The stimulation fluid is conventional and may include additives,
such as proppant, chemicals, etc., which are useful in fracturing
the formation 38, maintaining fractures 58 (see FIG. 3) formed
thereby open, etc. Such stimulation fluids are permitted to enter
the holes 56 formed in the formation 38 because the cutting head 50
displaces the fluid 32 between the cutting head and the formation
when it is cutting thereinto. The fluid 32, however, is operative
to prevent flow of the stimulation fluids into other portions of
the formation 38.
Note that, if the above-described preferred fluid is used for fluid
32, the stimulation fluids are preferably not acidic, due to the
fact that the K-MAX.TM. and MAX SEAL.TM. fluids are acid soluble.
If it is desired to stimulate the formation 38 with acidic
stimulation fluids, another viscous fluid should be used for the
fluid 32.
During the flow of stimulation fluids into the formation 38,
applicants prefer that sufficient pressure be applied to the
annulus 36 at the earth's surface to prevent displacement of the
fluid 32 upwardly therein.
Referring additionally now to FIG. 3, it may be seen that the
formation 38 has been fractured, there being fractures 58 extending
generally transversely away from the uncased portion 14 of the well
12. Note that FIG. 3 shows the tubing string 42 removed from within
the work string 18, as will be the case if the stimulation fluids
are flowed through the work string, instead of through the ported
sub 46 on the tubing string.
After the well 12 has been stimulated as desired by, for example,
forming the fractures 58 in the formation 38, a relatively small
quantity of the fluid 32 mixed with sand may be spotted opposite
the openings 56. The mixed fluid 32 and sand forms a viscous plug
60 which is capable of preventing subsequent flow of fluids into
the openings 56 and fractures 58, and generally into the formation
38 adjacent the openings 56. Although not shown in FIG. 3, the plug
60 may also extend into the openings 56.
The plug 60 may be delivered to the uncased portion 14 by the same
means used to convey the stimulation fluids, e.g., the tubing
string 42 or the work string 18. For efficiency of operation,
applicants prefer that the plug 60 be "tailed-in" with the
stimulation fluids, so that the plug is delivered to the well 12
immediately following the stimulation fluids. In this manner, a
pressure increase may be detected at the earth's surface when the
plug 60 is in place and preventing further fluid flow into the
formation 38.
It is to be understood that it is not necessary for the plug 60 to
be utilized in the method 10. As will be more fully described
hereinbelow, the fluid 32 in the annulus 34 may be reconsolidated
to fill any voids therein, without the need for depositing a
separate plug 60 therein. Applicants prefer utilization of the plug
60, however, because it is relatively easy to place the plug
immediately after the stimulation step and the sand mixed therein
provides an enhanced strength matrix in this area of the uncased
portion 14 which has been significantly disturbed by flow of jet
cutting and stimulation fluids therethrough.

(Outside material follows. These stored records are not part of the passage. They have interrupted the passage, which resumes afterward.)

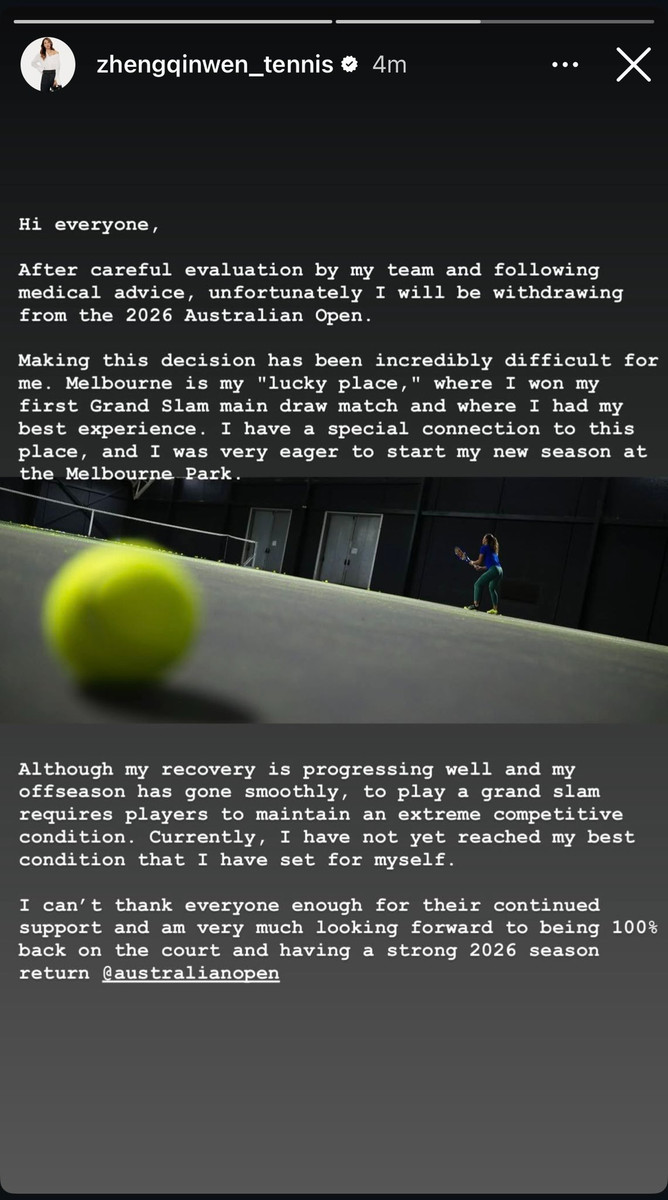 На поточний момент я ще не вийшла на той рівень фізичної готовності, який вважаю для себе необхідним. Щиро дякую всім за підтримку і з нетерпінням чекаю на момент, коли зможу повернутися на корт на 100% і провести сильний сезон-2026", – зокрема написала Ціньвень.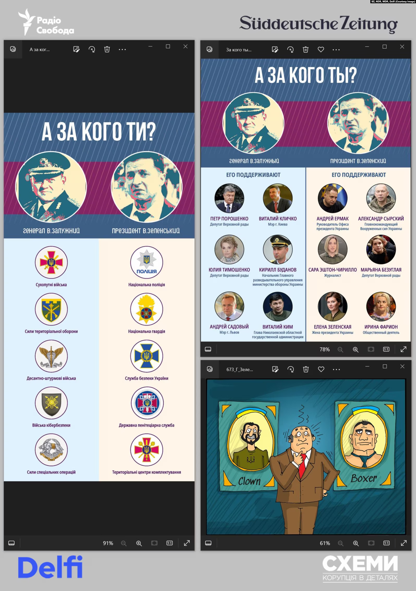 Крім того, агенція розробляла кампанію під назвою «За кого ти?», у якій протиставляла Зеленського Залужному та Кличку. Для цього створювалися інфографіки, меми та карикатури, спрямовані на українську та європейську аудиторії.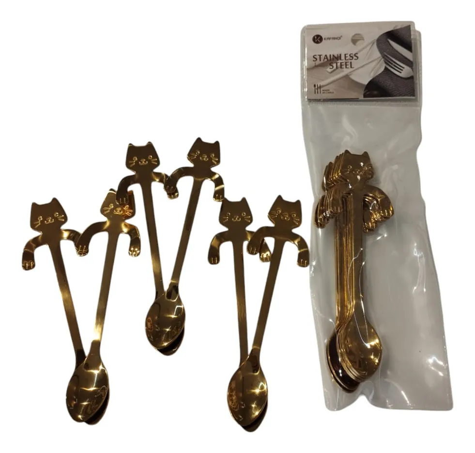Cuchara De Te Café Postre Acero Dorada Pack X6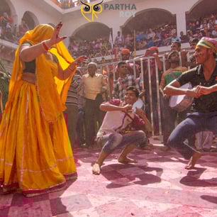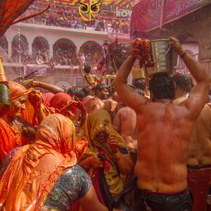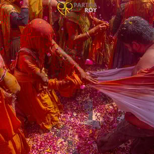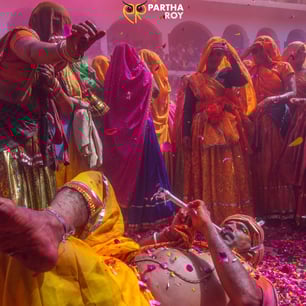 What follows is a playful and symbolic reversal of roles—a celebration of feminine power wrapped in splashes of colour and laughter. The men, having thrown their colours, are swiftly drenched, disarmed, and disrobed of their upper garments. In a spectacle both comic and chaotic, the women use these wet clothes to beat the men in good humour, recreating a scene that is more performance than punishment, more ritual than rivalry.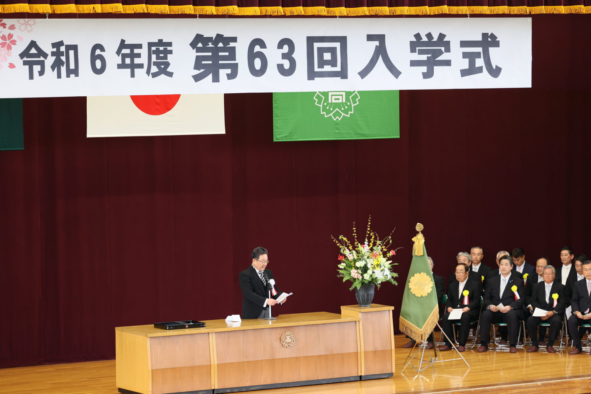 4月7日(日)に本校体育館メインアリーナにおいて第63回入学式を挙行しました。改めまして、新入生ならびに保護者の皆様、ご入学おめでとうございます。

Referring additionally now to FIG. 4, the work string 18 has been
displaced axially upward within the well 12, thereby displacing the
end 20 axially away from the plug 60. The work string 18 is so
displaced in order to position the work string relative to the
uncased portion 14 for performing another stimulation operation
(see FIG. 5, wherein the cutting head 50 is positioned relative to
the end 20 of the work string 18 for performing another stimulation
operation). Initially, avoid (indicated in FIG. 4 by solid outline
62) is created in the fluid 32 between the plug 60 and the end 20
of the work string 18 when the work string is so displaced.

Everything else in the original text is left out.